Collectionspace Migration Tools

🔥

Neither CollectionSpace (the organization) nor LYRASIS offers support for collectionspace_migration_tools.

This application is created and maintained for internal LYRASIS staff use only. Many of its design decisions are based on:

our CS hosting architecture
the assumption that it will be used by data migration experts on migration projects where the target CS instance is not in active use

This means:

it is highly unlikely anyone outside LYRASIS will be able to clone this repository and use the tool as-is
using this tool on a CS instance in active use is dangerous to the data integrity of that instance

However, we have made this code available in the spirit of open-source and transparency, in case any of it might be informative for CS institutions/users who wish to build their own tooling for working with CS data at scale.

Table of Contents

Requirements
One-time setup
Per-instance setup
Test your setup
Usage
Development
Tests
License
Security
Code of Conduct
Contributions
Versions
Credits

See doc/decisions.adoc for more info/background on some of the decisions made

Requirements

Ruby 3.1.0.
Docker and docker-compose.
- Running the required docker-compose command will by default set up two instances of Redis on ports 6380 and 6381. The port numbers used are configurable as described below
The user of this tool will have set up the Github and AWS CLI as detailed in our team technical documentation.
For each CS instance this tool will be used to manipulate:
- The user of this tool must be able to connect directly to the CollectionSpace database and perform read-only/select queries. Should be handled by correct assignment of user to the AWS MigrationsRole by Hosting team.
- If you plan to do batch ingests, there must be an AWS S3 bucket (Fast Import Bucket) set up for ingesting into the instance, and the user of this tool must have permission to add and delete objects to that bucket, as well as list objects in the bucket. Should be handled by correct assignment of user to the AWS MigrationsRole by Hosting team.

One-time setup

Add `bin` to PATH (optional)

To avoid having to prepend thor, rspec and other commands with bundle exec, add this repo’s ./bin to your PATH.

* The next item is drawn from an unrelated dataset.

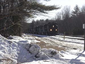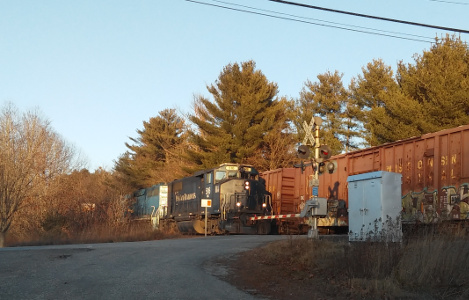 MEC 516, B&M 340, & B&M 333 run PORI through Gray, ME on November 20th of 2005.
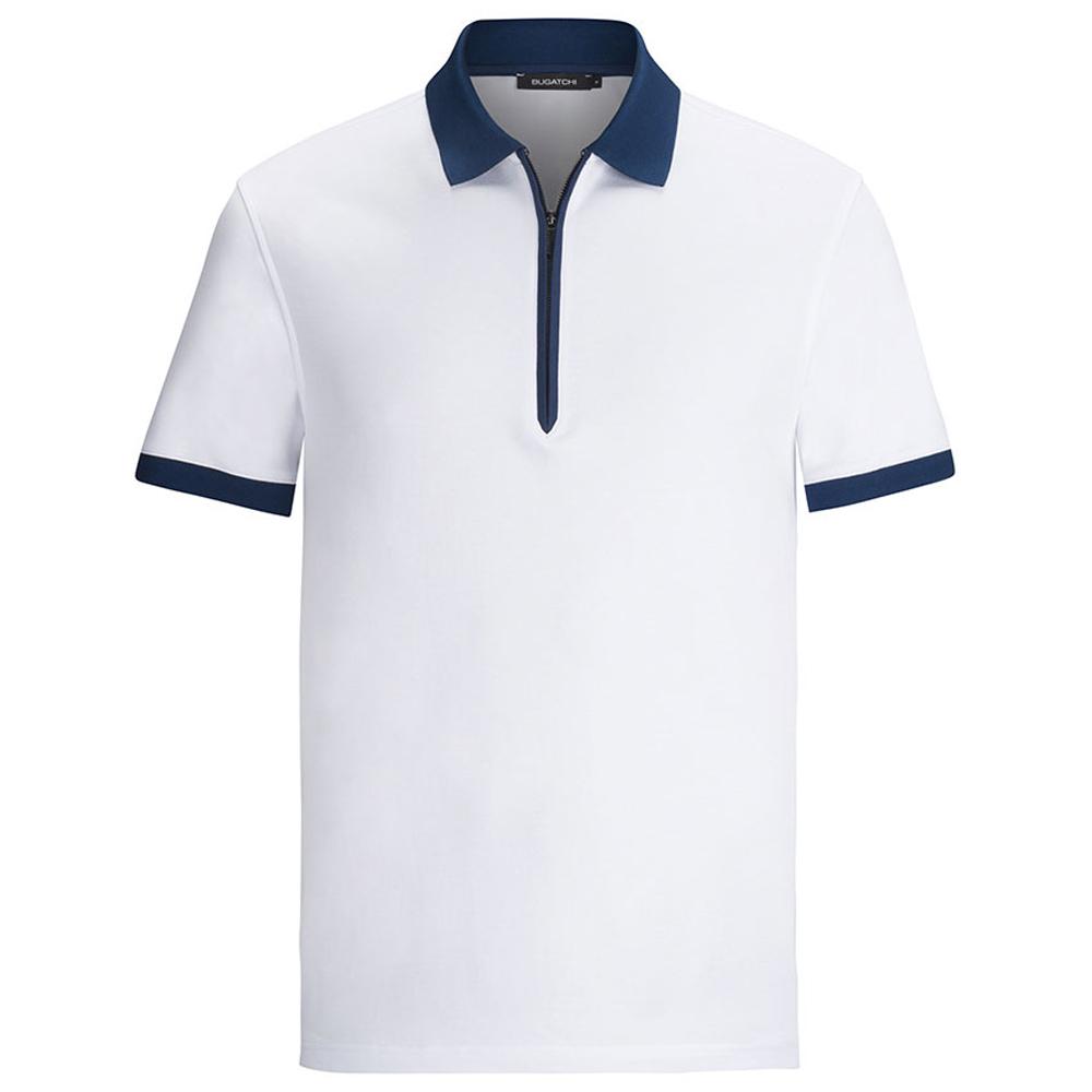 Be stylish with a custom designer look in the Bugatchi Men's White Short Sleeve Half Zip Polo Collar. The solid color with accent collar and sleeve cuffs will carry your company logo with precision and flair as you wear this as corporate apparel that easily transitions to the golf course. Excellent for layering with a jacket or sweater, the short sleeve polo offers a half zip design for that little bit of extra. Choose your embroidery design and use these as high end gifts of employee apparel or even employee gifts for any special occasion. The unique color will really stand out and become an instant favorite.Highlights

If you do not do this step, and running a command you see in the documentation fails, try prepending `bundle exec ` to the command.

Redis config

This should "just work" without you having to do anything, but you might want to change it if the ports being used for Redis conflict with something you use for other work.

If you want to change the Redis ports, you need to update them in two places:

the ./docker-compose.yml file (which builds the Redis instances and makes them locally accessible via the given ports)
the ./redis.yml file (which tells the application which port/Redis instance to use for storing RefNames vs. CSIDs)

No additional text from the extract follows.